I should point out that the company’s board of directors follows what’s called a “variable distribution policy.” In the company’s own words, the objective of the policy is the make “four quarterly distributions in an amount that approximates 90% to 10% of the Company’s taxable quarterly income or potential annual income for a particular year.” (Source: “Hercules Capital Reports First Quarter 2019 Financial Results,” Hercules Capital Inc, May 2, 2019.)
In other words, HTGC stock’s quarterly dividends are not carved in stone. When business is booming, the company’s dividends will likely be growing with it. When things slow down, we could see Hercules Capital’s dividend stream shrink as well.
Also worth noting is that regular quarterly dividends aren’t the only payments that HTGC stock investors have collected; the company may also choose to pay additional supplemental cash distributions from time to time. Hercules Capital paid a $0.02-per-share supplemental dividend in November 2018 and another $0.01-per-share supplemental dividend earlier this year. (Source: “Distributions,” Hercules Capital Inc, last accessed July 3, 2019.)
Hercules Capital Inc: Can You Count on This Double-Digit Yielder?
Obviously, based on its business description and variable distribution policy, this 10% yielder does not look like the safest dividend stock on the market. However, compared to other high-yield BDCs, Hercules Capital actually has pretty solid risk management measures.
For instance, the company has no exposure to oil and gas, metals and minerals, or mortgage-backed securities. At the same time, the BDC focuses mainly on pre-initial public offering (IPO) and merger and acquisition (M&A) opportunities rather than startups. Since Hercules Capital’s inception, more than 150 of its portfolio companies have announced or have completed an IPO or M&A.
Furthermore, as of March 31, over 80% of the company’s debt investments were in a senior secured first-lien position. By being a first-lien lender, Hercules Capital would stand first in line to get paid in the event of a borrower liquidation.
Looking at the company’s financials, we see that, last year, Hercules generated net investment income of $1.19 per share, which was less than its total declared distribution of $1.26 per share. (Source: “Hercules Capital Reports Record Fourth Quarter and Full-Year 2018 Financial Results,” Hercules Capital Inc, February 21, 2019.)
However, the company also reports something called “distributable net operation income,” which is net investment income adjusted for amortization of employee-restricted stock awards and options.
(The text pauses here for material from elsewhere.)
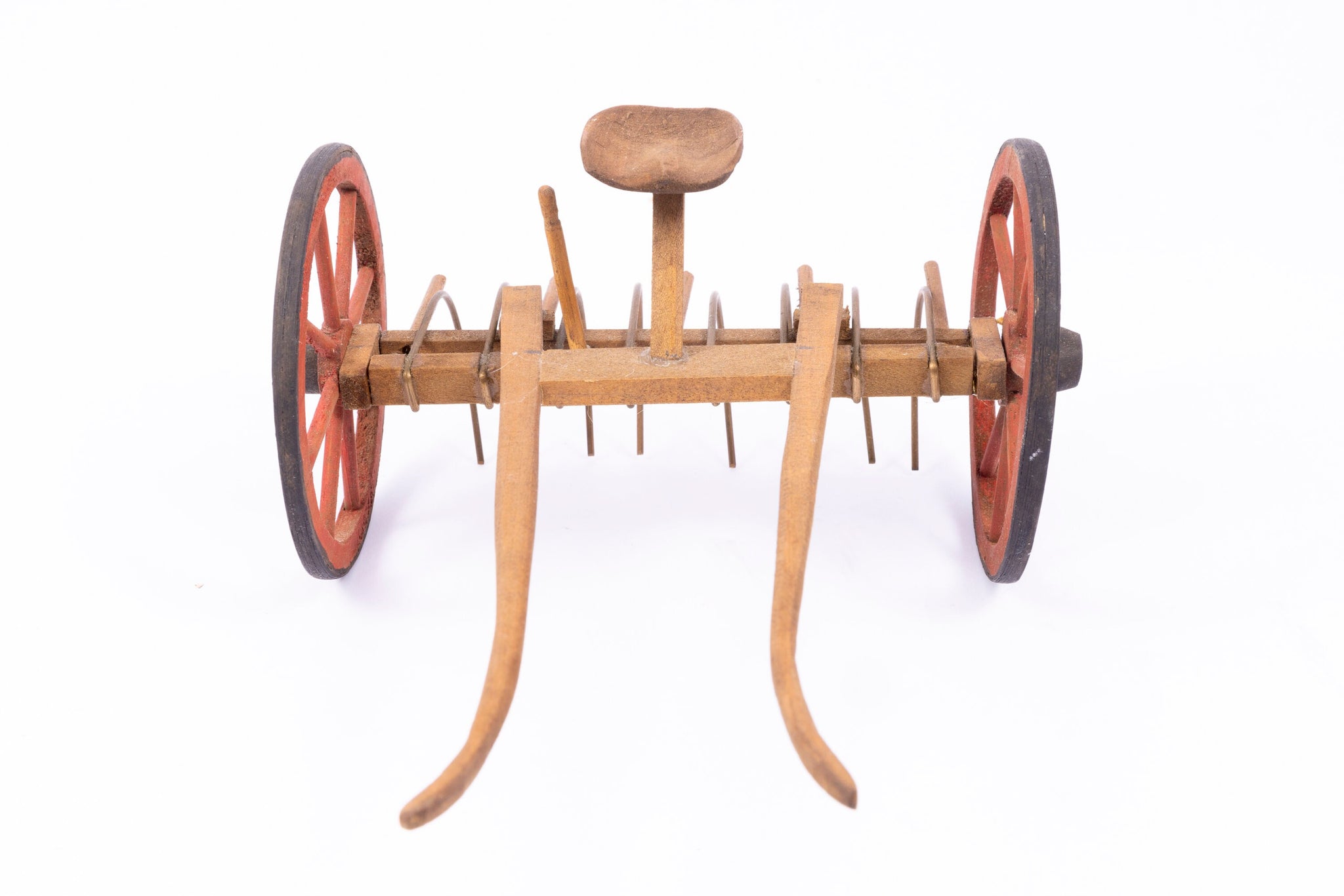 This is a handmade wooden straw rake harrow. Old fashioned, and beautifully made with brass rake portion with wood. The wheels are wooden and it's signed and dated 1995, DFR. Believed to be by Don Rogers.

In 2018, Hercules Capital’s distributable net operating income totaled $1.32 per share, which provided more than enough coverage for its cash dividends.
In the first quarter of 2019, Hercules Capital earned a distributable net operating income of $0.34 per share—which, again, was in excess of its quarterly dividend payment.
The Bottom Line on HTGC Stock
Ultimately, I wouldn’t call HTGC stock a surefire bet. But if Hercules Capital Inc can continue generating enough profits to maintain its current cash distribution, its 10% yield would be worth considering for investors who understand the underlying risks.